The Republican-controlled U.S. Senate on Tuesday confirmed President Donald Trump's nominee to serve as his administration's top advocate before the U.S. Supreme Court, overcoming united Democratic opposition.
Noel Francisco, a Washington lawyer with strong conservative credentials who previously worked in Republican former President George W. Bush's administration, was confirmed by the Senate as U.S. solicitor general on a vote of 50-47.
All the Senate's Democrats voted against him except for New Jersey's Robert Menendez, who is currently on trial facing corruption charges in Newark.

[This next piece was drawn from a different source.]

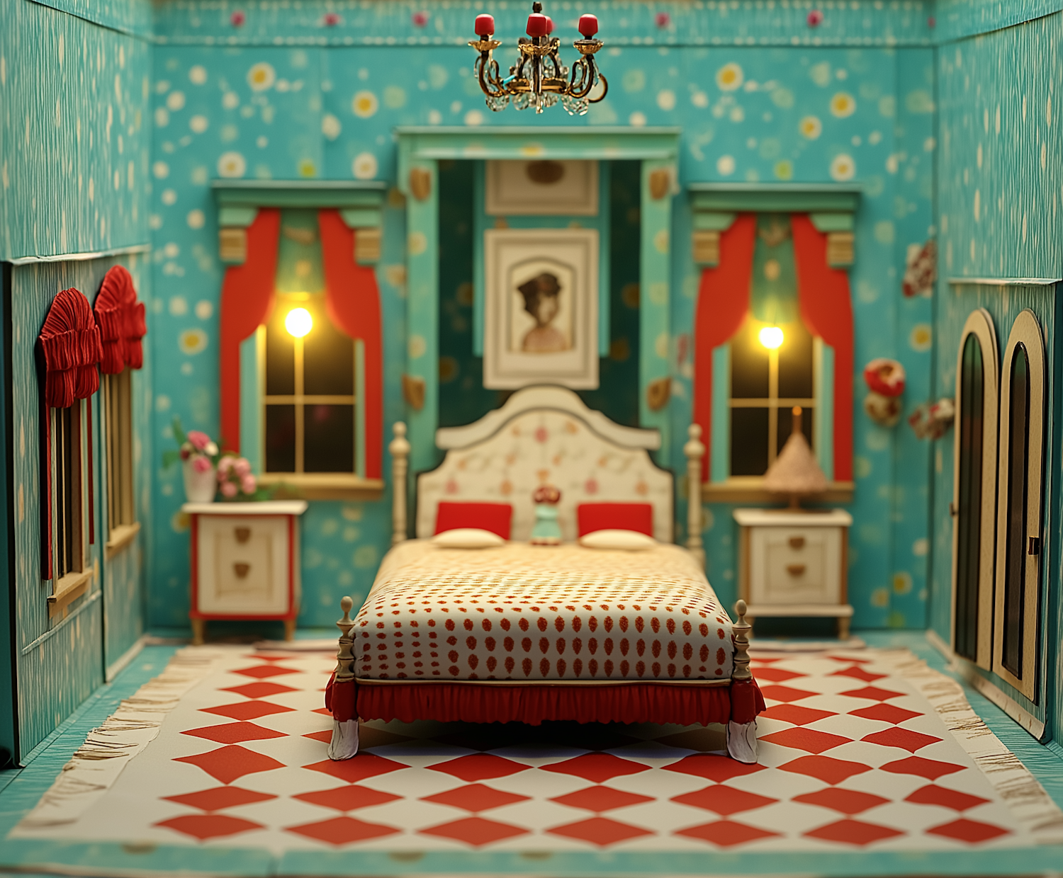 Charming miniature bedroom with turquoise walls, red accents, and a polka-dotted bedspread. Vintage decor and warm lighting create a cozy vibe.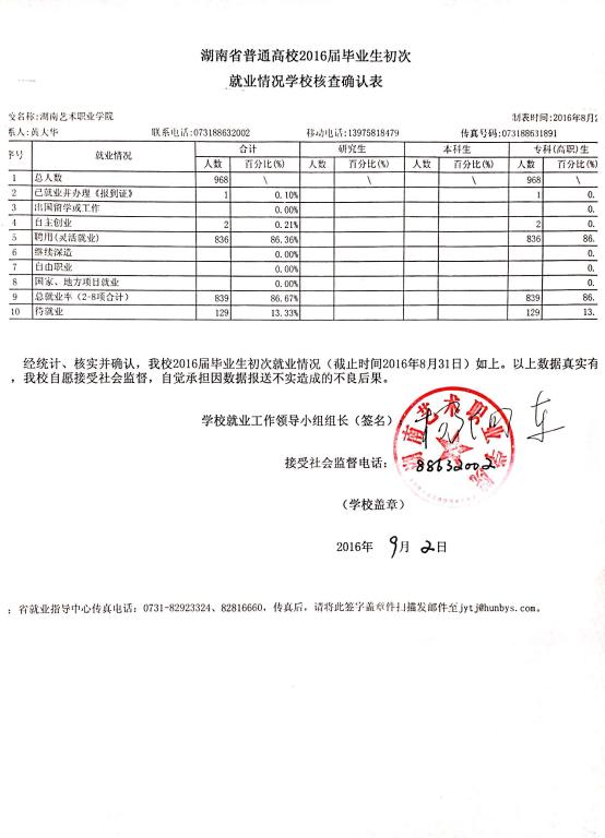 已就业839人中,在本省的就业人数为719人,占总就业人数的85.70 %,其中在本地区(长沙市)就业人数为535人,占总就业人数的63.77%,省外就业人数为120人,占总就业人数的14.30%。

Francisco takes up his new position as the Supreme Court prepares to begin its new term on Oct. 2. The court has several potential blockbuster cases on its docket, including the challenge to Trump's travel ban on people from six predominantly Muslim countries entering the United States. That case will be argued before the justices on Oct. 10.
Francisco, who previously worked at the Jones Day law firm, will now be overseeing the Justice Department's defense of the ban and other major policy initiatives that are challenged in court.
He has argued three cases at the Supreme Court. Most recently, he represented Republican former Virginia Governor Robert McDonnell in a successful attempt to throw out corruption convictions. The justices ruled in favor of McDonnell last year in an 8-0 ruling that could make it tougher to prosecute politicians for corruption.
Francisco served as a White House lawyer from 2001 to 2003 and spent another two years in the Justice Department's Office of Legal Counsel from 2003 to 2005. He previously worked as a clerk for the late Supreme Court conservative Justice Antonin Scalia.